Starting a business is full of momentous decisions, from quitting your job right through to registering a business name.
Like any of these big moments, choosing a business structure shouldn’t be rushed. Businesses in Australia mostly fit within four categories – sole trader, partnership, discretionary trust, and company – and can even use a combination of them at once.
BDO Australia tax advisor Cheryl Overlack said an accountant was best placed to talk business owners through the implications of each.
“They'll help you decide on the best structure for your business, and will hopefully help you avoid future difficulty with income tax, capital gains tax, and accounting in general,” she said. “Bear in mind that what is best for your business right now might not work so well in the future.
“However, your accountant should be able to guide you through the pros and cons of each scenario, and together you can decide on the most appropriate structure.”
Here’s the four structures, in a nutshell.
A sole trader business has the simplest structure.
“If you’re a sole trader, business profits are treated as personal income and you pay tax in your own name,” Cheryl said. “Your trading name can be your own name, unless you choose to use a registered business name.”
A partnership is not a legal entity from an income tax perspective. Instead, profits are distributed to the partners based on their share. The partnership still needs its own tax file number and must lodge an income tax return.
Cheryl said partnership agreements should be drawn up with a solicitor to govern each partner’s rights in line with the Partnership Act. She said she knew of two partners who’d built a successful business from the ground up from equal effort – but without a partnership agreement.
“Unfortunately, one of the men suffered a massive heart attack and died instantly,” she said. “They’d never discussed what would happen to the business should something happen to one of them.
“Suddenly, the deceased man’s wife was a 50% partner but knew nothing about the business and had no interest in being involved in the business, either.
“The options available to them at that point in time were 1. Continue running the business with the remaining man and the deceased man’s wife, or 2. For the remaining man to buy out the wife’s share.
“Neither option was particularly satisfying to either party, but after lengthy discussions and large legal fees, settlement was obtained. “This situation could have been avoided with both a partnership agreement and a buy/sell agreement.”
Under a discretionary trust, the trustee runs the business for the benefit of the trust’s beneficiaries and is responsible for debts. Solicitors need to draw up trust deeds, which set out, among other information, the trustee and the beneficiaries.
“For this reason, trusts are more expensive to set up than a partnership or sole trader,” Cheryl said.
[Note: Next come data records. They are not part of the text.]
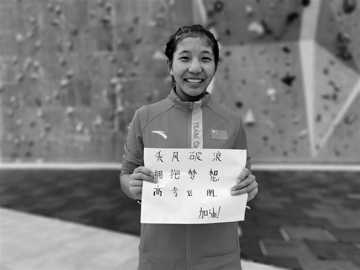 “乘風(fēng)破浪,擁抱夢想,高考必勝?!蔽鞑鼗╆?duì)的隊(duì)員們也送來了祝福。
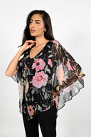 Frank Lyman Black/Pink Floral Top Style 221291-FL
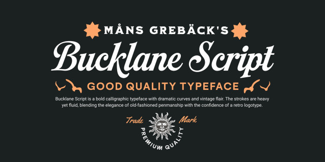 Bucklane Script Font is a bold calligraphic typeface with dramatic curves and vintage flair. The strokes are heavy yet fluid, blending the elegance of old-fashioned penmanship with the confidence of a retro logotype. With decorative swashes and striking uppercase forms, it adds character to every word–whether it’s carved onto a whiskey barrel or lighting up a marquee.
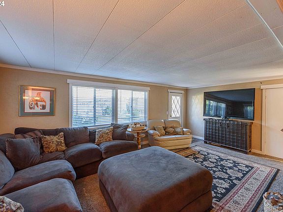 Beautifully updated home in an all age family park with low space rent! This home features 2 bedrooms, 2 full baths and an extra office room. Double pane vinyl windows throughout home, as well as new paint, shutters, and porch. The back porch has a covered area, and the extra large lot features 2 sheds and lots of raised beds. With a few finishing touches the large shed in the back of the lot can be a perfect art studio! Lots of bushes and trees planted! Home is financeable through a personal property loan. Come see what this property has to offer!
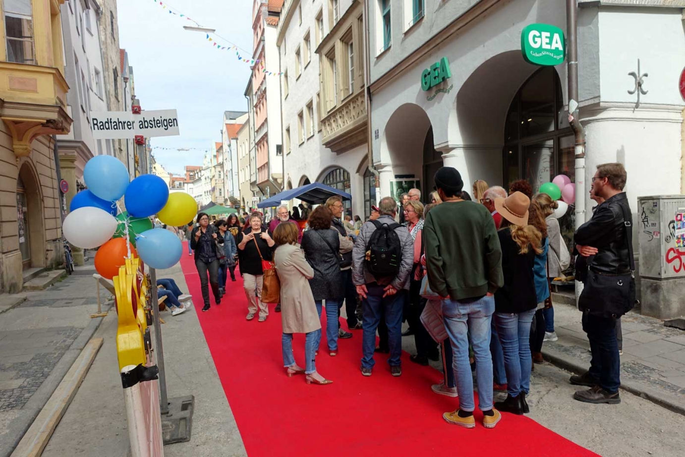 Während der drei bestens frequentierten Straßenführungen lenkte Stadtführerin Christa Zehentbauer vom Verein kulttouren e.V. die Aufmerksamkeit auf viele, meist verborgene Details. Denn die Wahlenstraße birgt auf ihren rund 200 Metern Länge Welterbe pur: Bereits 1138 erwähnen historische Quellen den Straßennamen. Der goldene Turm in der Straßenmitte, einst Zeichen wirtschaftlicher Macht und großen Wohlstands, ist mit seinen rund 50 Metern der höchste mittelalterliche Wohnturm nördlich der Alpen.
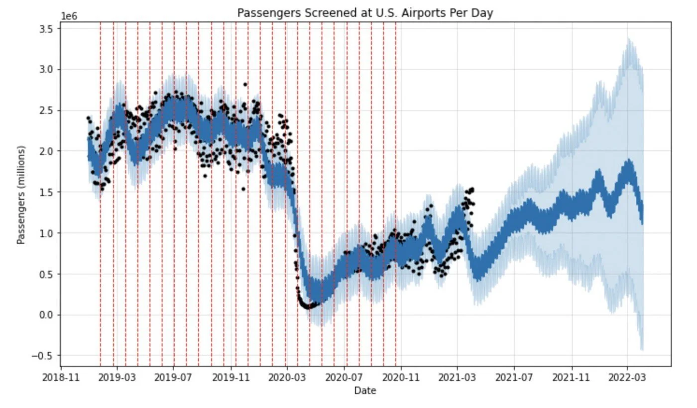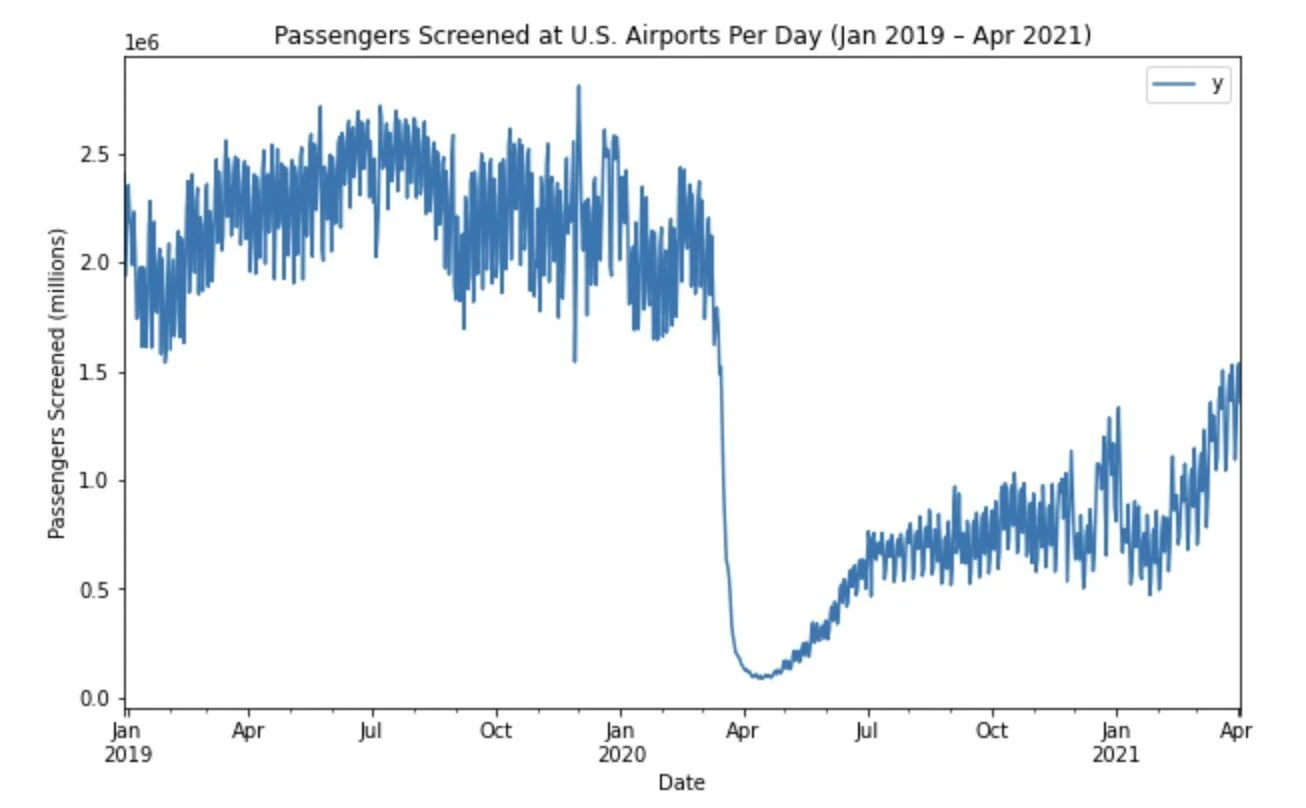 The travel industry was one of the most directly impacted sectors of the economy during the pandemic as international flights abruptly ground to a halt in March 2020 and many domestic carriers significantly reduced their flights. I was curious how the travel industry could rebound this year (2021) so I created a time series forecast using official TSA Checkpoint data, which measures how many passengers are screened per day at U.S. airports, to predict the number of passengers that will be screened this year and specifically sought to find how this number will compare to pre-pandemic levels in 2019.

“Generally, a trust does not pay income tax – instead, profits are distributed to beneficiaries, who then pay tax on the amount distributed to them.”
However, trusts still need to have tax file numbers and lodge tax returns.
A company pays a flat rate of tax. The current rate is 30% but eligible small businesses pay only 28.5%. Companies are more costly to set up and pay annual ASIC fees. As well as lodging income tax returns, companies must prepare financial statements – which means higher accounting fees every year.
Again, Cheryl recommends a shareholders’ agreement for company owners.
“Think of it as your business pre-nup,” she said. “A well-drafted shareholders agreement will cover what decisions directors can make, what decisions shareholders can make, dividend payments, and what will happen if any of the shareholders/directors want to exit.”